Data extract.
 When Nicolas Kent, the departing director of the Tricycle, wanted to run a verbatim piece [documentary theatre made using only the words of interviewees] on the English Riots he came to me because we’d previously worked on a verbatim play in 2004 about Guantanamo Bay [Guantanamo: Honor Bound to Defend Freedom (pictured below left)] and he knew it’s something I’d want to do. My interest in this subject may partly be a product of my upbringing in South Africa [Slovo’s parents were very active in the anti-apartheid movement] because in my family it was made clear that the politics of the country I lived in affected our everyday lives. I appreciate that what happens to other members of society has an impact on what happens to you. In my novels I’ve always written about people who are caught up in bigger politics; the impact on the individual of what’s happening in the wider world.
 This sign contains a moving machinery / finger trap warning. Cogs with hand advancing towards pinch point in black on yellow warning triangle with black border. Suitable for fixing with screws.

---

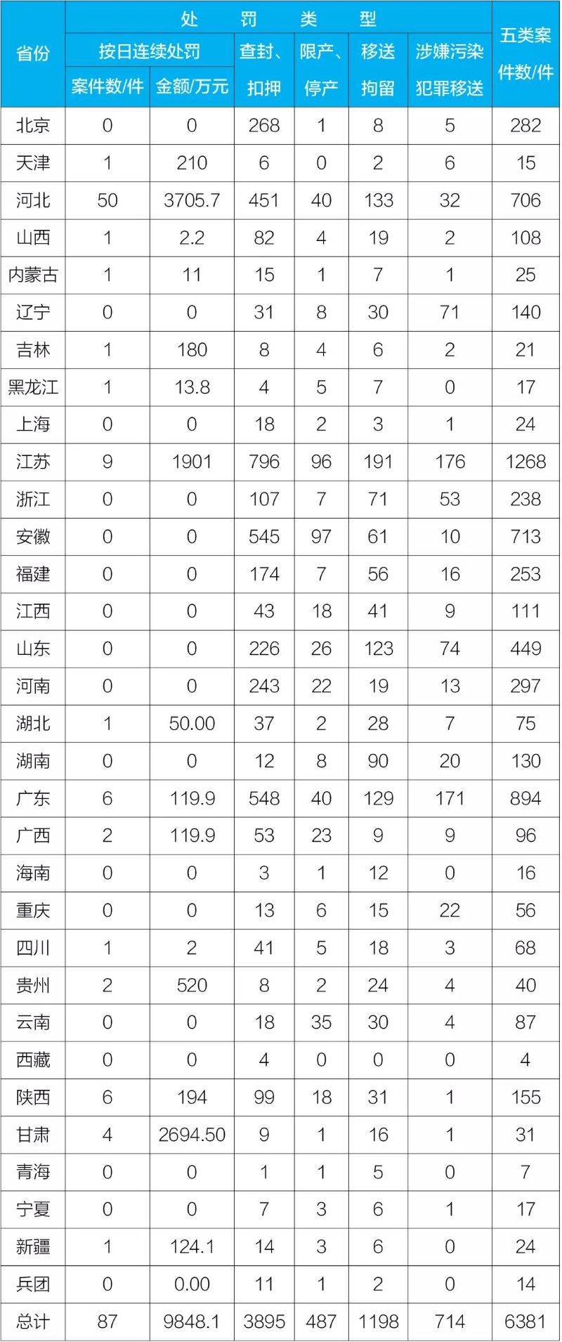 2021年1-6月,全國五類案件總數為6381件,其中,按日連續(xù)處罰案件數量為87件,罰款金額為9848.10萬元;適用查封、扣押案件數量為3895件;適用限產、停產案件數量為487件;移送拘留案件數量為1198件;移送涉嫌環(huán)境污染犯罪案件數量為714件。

* * *

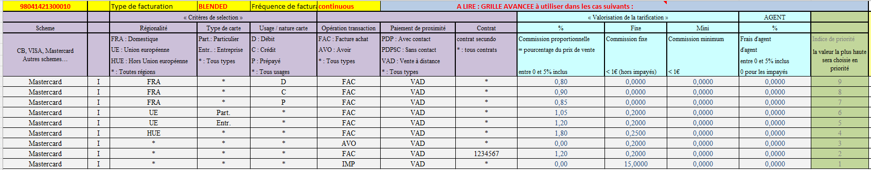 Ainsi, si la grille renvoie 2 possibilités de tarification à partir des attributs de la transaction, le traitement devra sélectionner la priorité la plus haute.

Directions for this task. Print only what lies in the material above starting at the line with "When Nicolas Kent, the" and ending at the line with "This sign contains", every line exactly as given.

Response area.
 When Nicolas Kent, the departing director of the Tricycle, wanted to run a verbatim piece [documentary theatre made using only the words of interviewees] on the English Riots he came to me because we’d previously worked on a verbatim play in 2004 about Guantanamo Bay [Guantanamo: Honor Bound to Defend Freedom (pictured below left)] and he knew it’s something I’d want to do. My interest in this subject may partly be a product of my upbringing in South Africa [Slovo’s parents were very active in the anti-apartheid movement] because in my family it was made clear that the politics of the country I lived in affected our everyday lives. I appreciate that what happens to other members of society has an impact on what happens to you. In my novels I’ve always written about people who are caught up in bigger politics; the impact on the individual of what’s happening in the wider world.
 This sign contains a moving machinery / finger trap warning. Cogs with hand advancing towards pinch point in black on yellow warning triangle with black border. Suitable for fixing with screws.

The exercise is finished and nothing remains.